She always had a cynical view of our vision and leadership – I had observed but kept my response in abeyance. I was trying to look at the good in her. Still, I could once in a while burst out, because I hate entitled people – I had fired a partner just for that quality – but I was tolerant of her because I still saw the good in her.
Then came the day, when I scheduled a review call. It was supposed to be a 30-minute call, but it ended up going three hours. The agenda had already been stated – weekly report and plan were missing, and no progress had been made since November end on the new project she was to run.
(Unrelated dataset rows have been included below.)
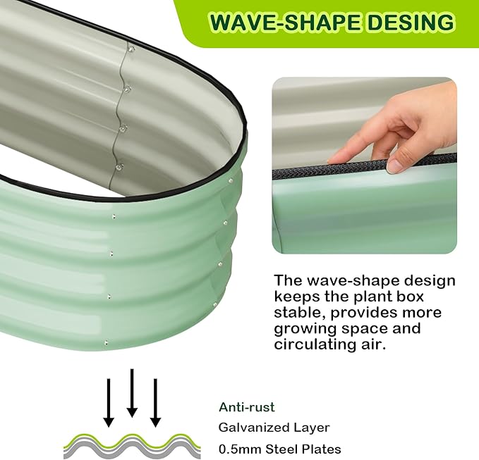 - 🌿 Superior Quality: Constructed from high-grade galvanized steel, this outdoor raised garden bed features robust double-layer corrosion resistance. Its elegant oval shape not only adds to your garden's aesthetics but also enhances durability under pressure, ensuring a reliable and long-lasting gardening solution.
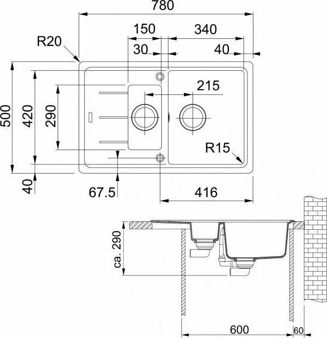Franke Мойка Franke 114.0280.882/ Best, Серия BASIS, Fragranite, BFG 651-78 сахара стоп.
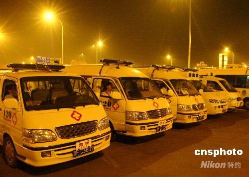 為防止意外發(fā)生,有大批的公安和醫(yī)護人員在現(xiàn)場隨時待命。 中新社發(fā) 富田 攝

Just before the call, there was another call from my friend. ‘What is this, Ashok?’ He sounded angry and frustrated. This was a long pending call between her and him, and he was trying to schedule the call. He was advising her on the new project. ‘She said that I am only available from 9 to 5, Monday to Friday.’ She told him with full knowledge that he was one of our leading investors and her advisor, and he could only work in the late evenings because of his commitments. ‘If it is late hours, you talk to Ashok.’ That was me, her supervisor, and the managing partner of our business. I promised him that I would address this.
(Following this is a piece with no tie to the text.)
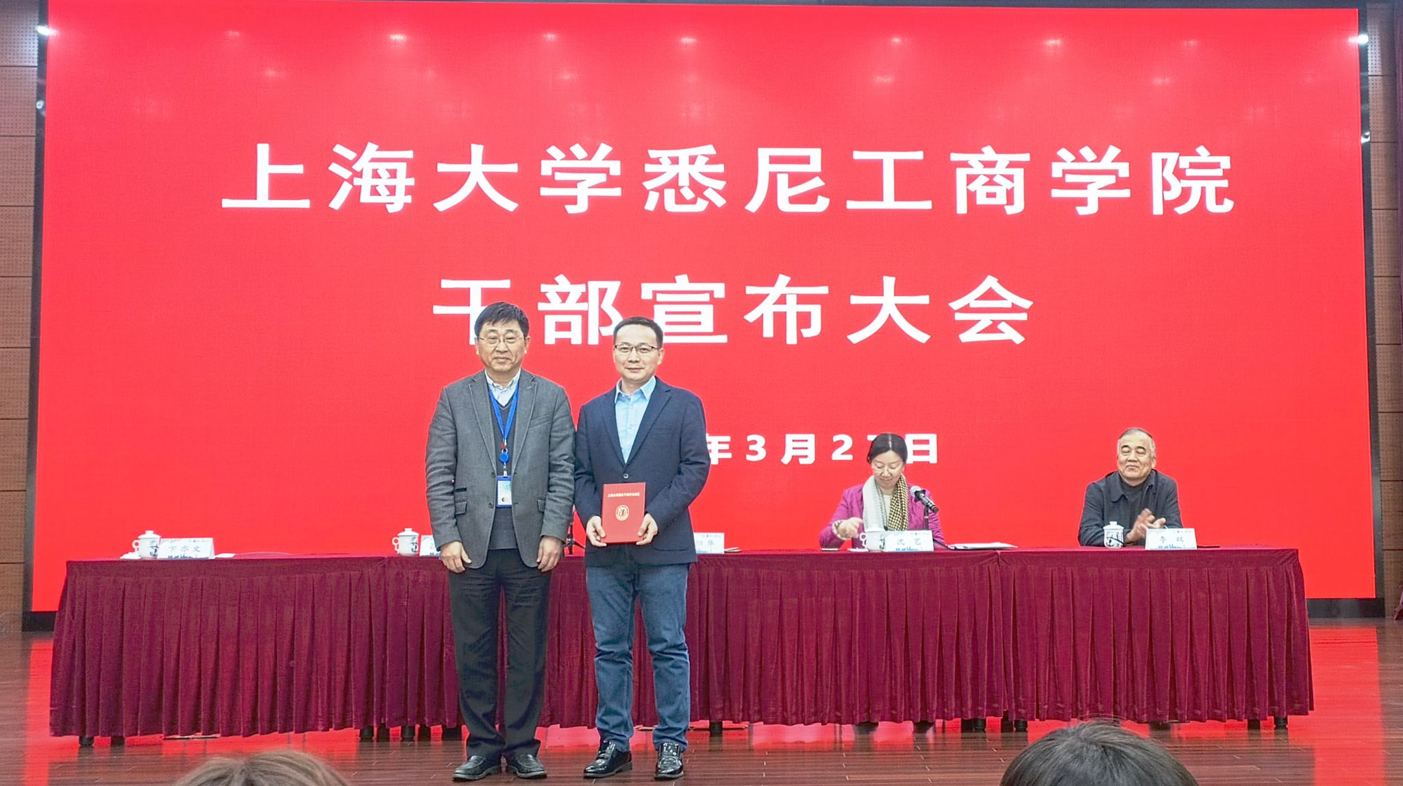 3月27日上午,yl23455永利干部宣布大会在嘉定校区行健文体中心顺利举行,yl23455永利党委副书记欧阳华,yl23455永利党委常委、组织人事部常务副部长、组织处处长沈艺,yl23455永利全体班子成员及公司教职员工代表参加会议。会议由沈艺副部长主持。

Back to that call, she started arguing and talked about her ‘work-life balance’ when there was no progress at work. She asked for a hike. I said I would come down for a performance review. Imagine my surprise when she just remembered that she had a friend who was critically ill and had to go to another state, and won’t be available. I said that it was fine and that we could connect if I needed anything.
Then the next day, the day before my trip to my office, I got her resignation email. We deliberated and decided to relieve her immediately. The inevitable post-mortem happened among partners. From ‘I told you so’ to ‘You were too soft’ – I listened to all the comments. In a sense, they were right.
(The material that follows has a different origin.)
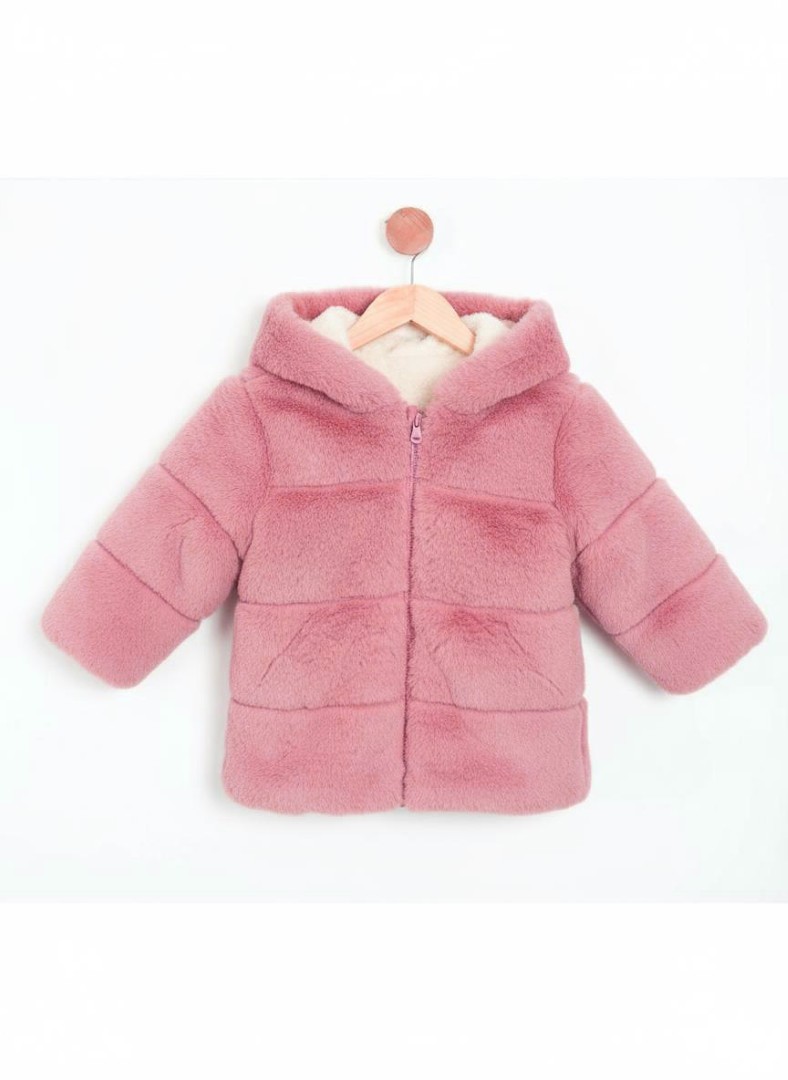 Bu kız çocuk montu, yumuşak ve peluş dokusuyla soğuk kış günlerinde miniklerinizi sıcacık tutar. Kapüşonlu tasarımı sayesinde ekstra koruma sağlar. Fermuarlı ön kapanışı sayesinde kolay giyilip çıkarılabilir. Montun cepleri, elleri sıcak tutarken pratik kullanım sunar. Uzun kollu ve midi boy uzunluğundaki bu mont, günlük kullanıma uygun rahat ve şık bir seçenektir. Pastel pembe renk tonu, sevimli ve nazik bir görünüm yaratır.

I met the team, and took over the operational control, and then returned to the city where I reside. On my way back, I wondered what could have been done right. First, it turned out to be a wrong hire. If there is no aspirational approach to work, then the person is the wrong person for the job. Second, if the person is exhibiting cynicism and a bad attitude, it is untenable to work with. The team exhibited concerns because, for them, she was good. I acknowledged her good work with the team, but the other attributes that were needed for her effective contribution were simply not there. Third, when you fire, fire fast. Fourth, it challenged my principle of being nice and trusting for the first time. My impeccable record as a senior was dented. I would never be able to erase that.
My theories of looking for a female candidate for this role have been since challenged, but I have held my faith in my vision for that role. After all, we had prolonged a bad deal, and I – we could not let that hang over our views of gender. I have heard stereotypical comments, but I believe in my cause and would stay the course.